* **INPUT DATA**
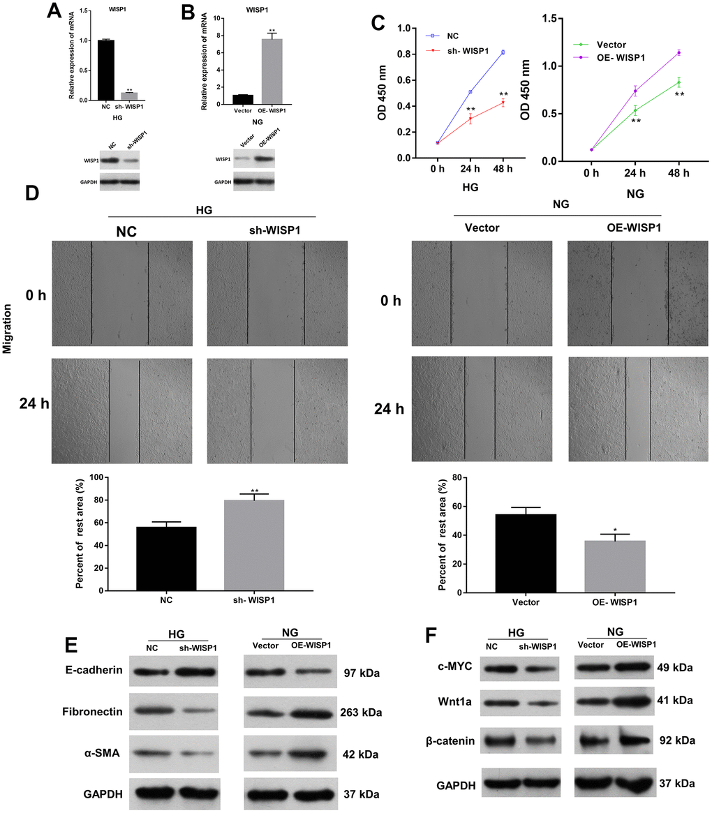 On the basis of the above results, we ulteriorly verified the roles of WISP1 in HG-induced HK2 cells through a series of experiments. We first adopted qRT-PCR to evaluate the transfection effect of WISP1-silenced HG-induced HK2 cells and WISP1-overexpressed HK2 cells. As expected, in HG-induced HK2 cells, the level of WISP1 in the silencing group was prominently degraded relative to that in the NC group (Figure 2A). And in HK2 cells, the level of WISP1 in the overexpression group was memorably boosted relative to that in the vector group (Figure 2B). This implies that WISP1 has been successfully silenced in HG-induced HK2 cells or overexpressed in HK2 cells. Then the result of CCK-8 displayed that the proliferation of HG-treated HK2 cells was notably decreased in sh-WISP1 group in comparison with NC group, and the proliferation of HK2 cells was prominently enhanced in OE-WISP1 group compared to vector group (Figure 2C). Correspondingly, the result of wound healing exhibited that the migration ability of HG-treated HK2 cells dramatically decreased after WISP1 silencing, and upregulation of WISP1 observably promoted the migration ability of HK2 cells (Figure 2D). Furthermore, to investigate the relationship between EMT process and WISP1, we applied western blot to monitor the expression levels of EMT associated proteins. The results manifested that WISP1 silencing markedly upregulated E-cadherin, and downregulated a-SMA and Fibronectin in HG-treated HK2 cells, and WISP1 overexpression group had the opposite effects on the expression of these proteins in HK2 cells (Figure 2E). It is well known that EMT is typically characterized by suppression of E-cadherin, facilitation of Fibronectin and a-SMA expressions. So, we revealed that WISP1 overexpression could induce EMT of HK2 cells. Cell fibrosis is typically characterized by encouragement of Wnt1a, c-MYC and β-catenin expressions. Western blot results further disclosed that WISP1 silencing observably decreased c-MYC, Wnt1a, and β-catenin expressions in HG-treated HK2 cells, and WISP1 overexpression notably induced cell fibrosis in HK2 cells (Figure 2F). In short, we demonstrated that WISP1 could induce the development of DN.
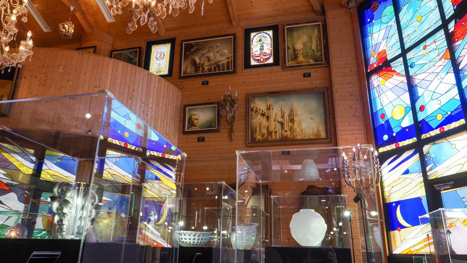 吹き抜けのホールには、ステンドグラスや豪華シャンデリア、そして貴重な工芸品に囲まれながらルネ・ラリック作品が展示されています。
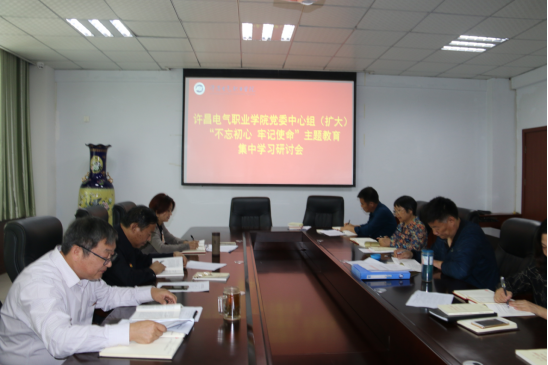 ????9月20日上午,许昌电气职业学院党委中心组(扩大)开展“不忘初心,牢记使命”主题教育第三次集中学习,深入学习习近平总书记关于“不忘初心,牢记使命”重要论述,学习贯彻习近平新时代中国特色社会主义思想。学院党委书记杨鲁西主持会议,学院领导班子成员、副县级干部参加学习。
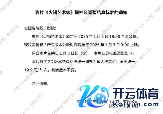 同日,由焦俊艳、张琪、于洋等主演的《暖锅艺术家》刊行方也向影院发布“提档及调理结算规范的告知”:影片原定于2025年1月3日18:00寰宇公映,现决定提档于2025年1月3日9:00上映。另1月3日起(含),本片结算规范调理为,数字2D版块结算规范寰宇斡旋19.9元/东谈主.次,其余版块不变。
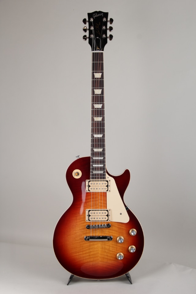 現行モデルとしてラインナップされているLes Paul Standard 50s / Les Paul Standard 60s をベースに、ピックアップカバーを装着しないオープンタイプに加え、両側ともにホワイトカラーのボビンで構成される通称ダブルホワイトのバーストバッカーピックアップを搭載。使用されている塗料は現行モデルと同じくニトロセルロースラッカーですが、現行モデルは50年代当時に製作されたときと同じ完全な新品仕上げとなっておりますが、当モデルはヴィンテージのような経年による風合いを再現するため現行モデルとは違いクリア塗装に着色が施されたフィニッシュが採用されております。メイプルトップのマホガニーボディ / マホガニーネックのローズウッド指板といった伝統的なウッドマテリアルを採用、ピックアップにはアルニコ2マグネット採用のBurstbucker 1 / Burstbucker 2 を搭載しております。ネックシェイプは50年代を意識した丸みがありしっかりとした握りごたえのある50s Vintage シェイプを採用。軽量化を目的とした肉抜き加工であるウエイトリリーフは施されていない完全なソリッドボディとなっております。

* **PROBLEM TO WORK ON**
Would it be possible to print the records above verbatim, pictures omitted?

* **RESPONSE TO THIS TASK**
 On the basis of the above results, we ulteriorly verified the roles of WISP1 in HG-induced HK2 cells through a series of experiments. We first adopted qRT-PCR to evaluate the transfection effect of WISP1-silenced HG-induced HK2 cells and WISP1-overexpressed HK2 cells. As expected, in HG-induced HK2 cells, the level of WISP1 in the silencing group was prominently degraded relative to that in the NC group (Figure 2A). And in HK2 cells, the level of WISP1 in the overexpression group was memorably boosted relative to that in the vector group (Figure 2B). This implies that WISP1 has been successfully silenced in HG-induced HK2 cells or overexpressed in HK2 cells. Then the result of CCK-8 displayed that the proliferation of HG-treated HK2 cells was notably decreased in sh-WISP1 group in comparison with NC group, and the proliferation of HK2 cells was prominently enhanced in OE-WISP1 group compared to vector group (Figure 2C). Correspondingly, the result of wound healing exhibited that the migration ability of HG-treated HK2 cells dramatically decreased after WISP1 silencing, and upregulation of WISP1 observably promoted the migration ability of HK2 cells (Figure 2D). Furthermore, to investigate the relationship between EMT process and WISP1, we applied western blot to monitor the expression levels of EMT associated proteins. The results manifested that WISP1 silencing markedly upregulated E-cadherin, and downregulated a-SMA and Fibronectin in HG-treated HK2 cells, and WISP1 overexpression group had the opposite effects on the expression of these proteins in HK2 cells (Figure 2E). It is well known that EMT is typically characterized by suppression of E-cadherin, facilitation of Fibronectin and a-SMA expressions. So, we revealed that WISP1 overexpression could induce EMT of HK2 cells. Cell fibrosis is typically characterized by encouragement of Wnt1a, c-MYC and β-catenin expressions. Western blot results further disclosed that WISP1 silencing observably decreased c-MYC, Wnt1a, and β-catenin expressions in HG-treated HK2 cells, and WISP1 overexpression notably induced cell fibrosis in HK2 cells (Figure 2F). In short, we demonstrated that WISP1 could induce the development of DN.
 吹き抜けのホールには、ステンドグラスや豪華シャンデリア、そして貴重な工芸品に囲まれながらルネ・ラリック作品が展示されています。
 ????9月20日上午,许昌电气职业学院党委中心组(扩大)开展“不忘初心,牢记使命”主题教育第三次集中学习,深入学习习近平总书记关于“不忘初心,牢记使命”重要论述,学习贯彻习近平新时代中国特色社会主义思想。学院党委书记杨鲁西主持会议,学院领导班子成员、副县级干部参加学习。
 同日,由焦俊艳、张琪、于洋等主演的《暖锅艺术家》刊行方也向影院发布“提档及调理结算规范的告知”:影片原定于2025年1月3日18:00寰宇公映,现决定提档于2025年1月3日9:00上映。另1月3日起(含),本片结算规范调理为,数字2D版块结算规范寰宇斡旋19.9元/东谈主.次,其余版块不变。
 現行モデルとしてラインナップされているLes Paul Standard 50s / Les Paul Standard 60s をベースに、ピックアップカバーを装着しないオープンタイプに加え、両側ともにホワイトカラーのボビンで構成される通称ダブルホワイトのバーストバッカーピックアップを搭載。使用されている塗料は現行モデルと同じくニトロセルロースラッカーですが、現行モデルは50年代当時に製作されたときと同じ完全な新品仕上げとなっておりますが、当モデルはヴィンテージのような経年による風合いを再現するため現行モデルとは違いクリア塗装に着色が施されたフィニッシュが採用されております。メイプルトップのマホガニーボディ / マホガニーネックのローズウッド指板といった伝統的なウッドマテリアルを採用、ピックアップにはアルニコ2マグネット採用のBurstbucker 1 / Burstbucker 2 を搭載しております。ネックシェイプは50年代を意識した丸みがありしっかりとした握りごたえのある50s Vintage シェイプを採用。軽量化を目的とした肉抜き加工であるウエイトリリーフは施されていない完全なソリッドボディとなっております。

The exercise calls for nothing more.